Source data.
Content starts

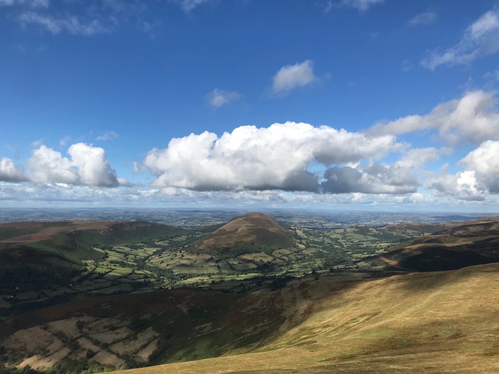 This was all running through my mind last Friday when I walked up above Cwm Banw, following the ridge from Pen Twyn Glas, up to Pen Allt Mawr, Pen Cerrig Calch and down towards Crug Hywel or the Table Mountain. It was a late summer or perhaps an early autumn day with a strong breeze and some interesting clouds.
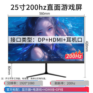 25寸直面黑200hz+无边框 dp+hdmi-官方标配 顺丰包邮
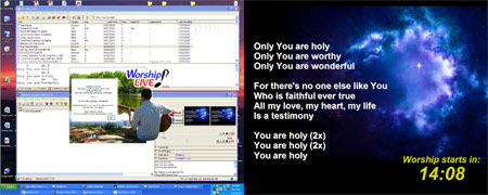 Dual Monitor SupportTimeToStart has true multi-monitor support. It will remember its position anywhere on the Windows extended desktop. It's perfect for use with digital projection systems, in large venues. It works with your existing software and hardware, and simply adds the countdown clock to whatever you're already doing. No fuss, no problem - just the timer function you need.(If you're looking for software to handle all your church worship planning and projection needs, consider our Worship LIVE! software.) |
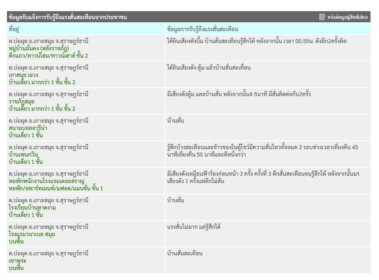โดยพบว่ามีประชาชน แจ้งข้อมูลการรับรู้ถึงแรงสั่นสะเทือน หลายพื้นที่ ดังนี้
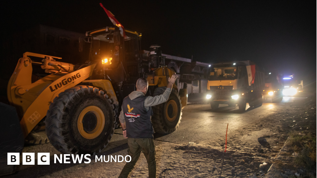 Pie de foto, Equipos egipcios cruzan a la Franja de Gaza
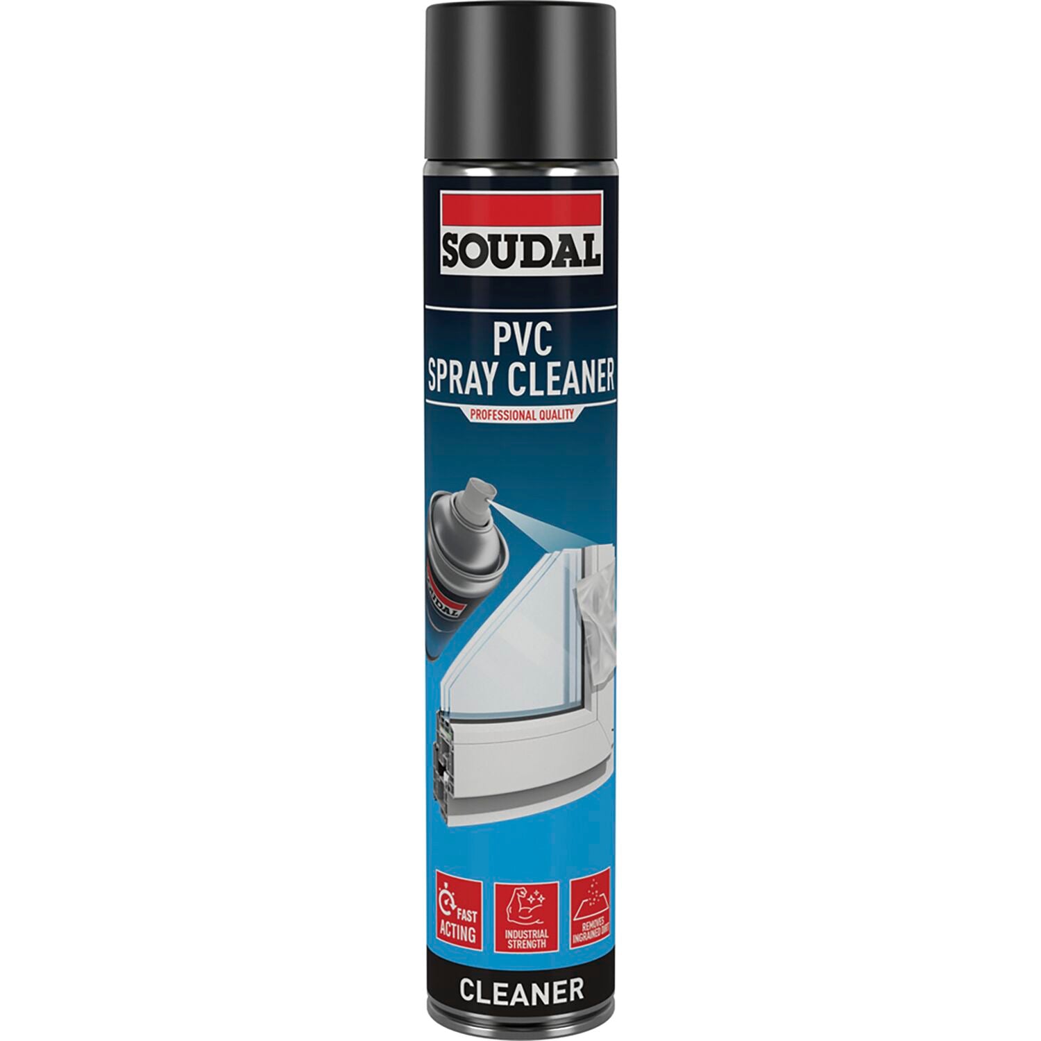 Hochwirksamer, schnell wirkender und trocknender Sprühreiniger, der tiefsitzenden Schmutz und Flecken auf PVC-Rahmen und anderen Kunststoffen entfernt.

Content ends
Content starts

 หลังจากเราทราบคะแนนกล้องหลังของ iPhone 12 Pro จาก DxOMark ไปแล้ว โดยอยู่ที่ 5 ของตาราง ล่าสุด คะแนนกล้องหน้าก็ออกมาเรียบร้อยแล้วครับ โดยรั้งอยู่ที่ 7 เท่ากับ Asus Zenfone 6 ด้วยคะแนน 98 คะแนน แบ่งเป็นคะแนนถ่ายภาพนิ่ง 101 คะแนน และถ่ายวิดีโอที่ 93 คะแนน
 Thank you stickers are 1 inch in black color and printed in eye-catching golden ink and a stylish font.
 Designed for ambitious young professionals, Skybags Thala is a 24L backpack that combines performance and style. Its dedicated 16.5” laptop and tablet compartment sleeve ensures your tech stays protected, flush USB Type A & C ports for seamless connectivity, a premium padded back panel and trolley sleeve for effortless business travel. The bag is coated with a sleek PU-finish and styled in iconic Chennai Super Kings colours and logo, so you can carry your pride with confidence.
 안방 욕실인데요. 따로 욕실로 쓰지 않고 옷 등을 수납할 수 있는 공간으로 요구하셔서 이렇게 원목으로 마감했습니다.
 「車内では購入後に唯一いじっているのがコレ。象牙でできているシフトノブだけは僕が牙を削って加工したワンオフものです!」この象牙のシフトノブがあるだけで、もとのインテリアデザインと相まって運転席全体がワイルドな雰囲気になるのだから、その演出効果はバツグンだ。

Content ends
Content starts

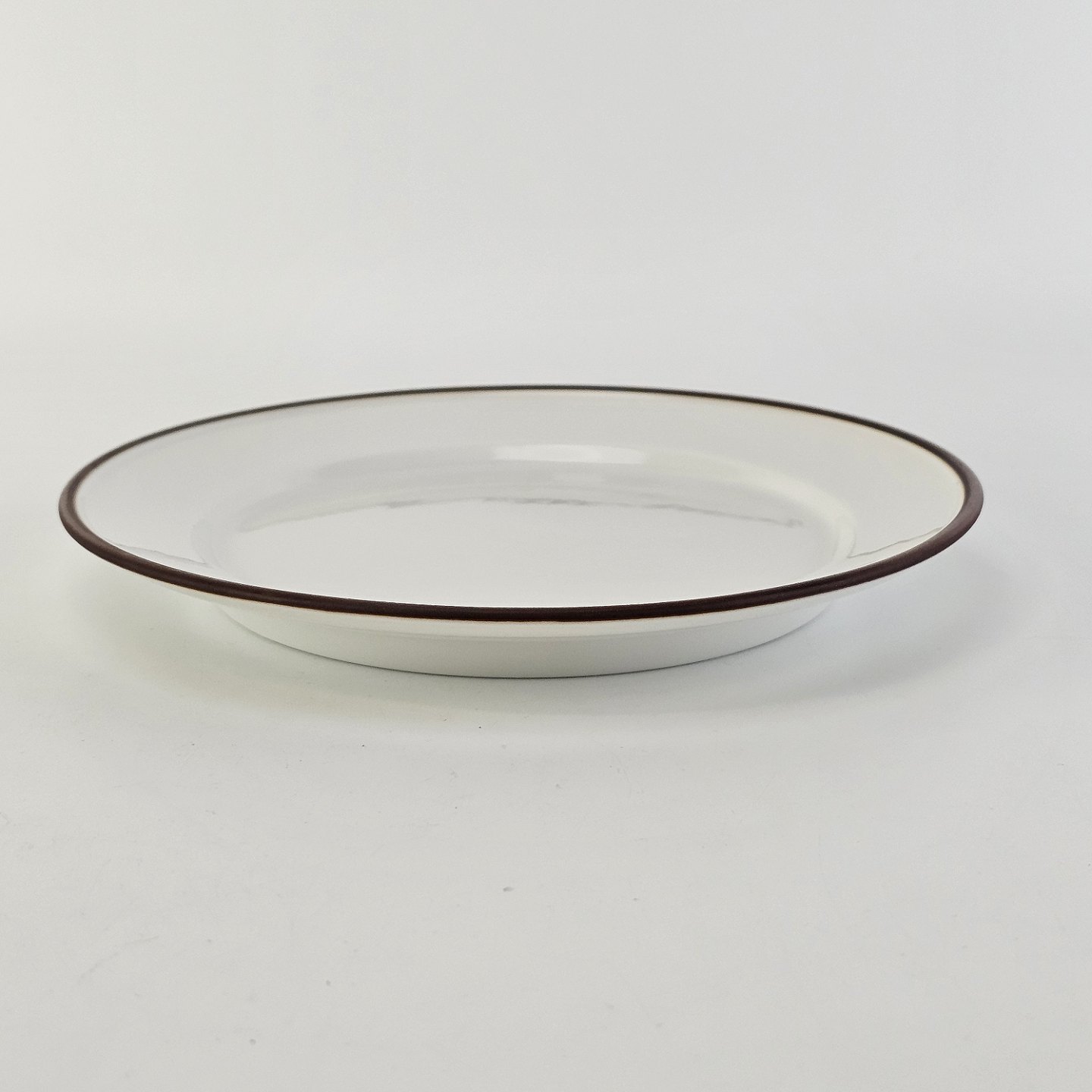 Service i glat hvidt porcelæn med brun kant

Content ends

The task.
Exact copy, pictures excluded: from the line with "This was all" up to and including the line with "Hochwirksamer, schnell wirkender" in the data above.

Your solution.
 This was all running through my mind last Friday when I walked up above Cwm Banw, following the ridge from Pen Twyn Glas, up to Pen Allt Mawr, Pen Cerrig Calch and down towards Crug Hywel or the Table Mountain. It was a late summer or perhaps an early autumn day with a strong breeze and some interesting clouds.
 25寸直面黑200hz+无边框 dp+hdmi-官方标配 顺丰包邮
 Dual Monitor SupportTimeToStart has true multi-monitor support. It will remember its position anywhere on the Windows extended desktop. It's perfect for use with digital projection systems, in large venues. It works with your existing software and hardware, and simply adds the countdown clock to whatever you're already doing. No fuss, no problem - just the timer function you need.(If you're looking for software to handle all your church worship planning and projection needs, consider our Worship LIVE! software.) |
โดยพบว่ามีประชาชน แจ้งข้อมูลการรับรู้ถึงแรงสั่นสะเทือน หลายพื้นที่ ดังนี้
 Pie de foto, Equipos egipcios cruzan a la Franja de Gaza
 Hochwirksamer, schnell wirkender und trocknender Sprühreiniger, der tiefsitzenden Schmutz und Flecken auf PVC-Rahmen und anderen Kunststoffen entfernt.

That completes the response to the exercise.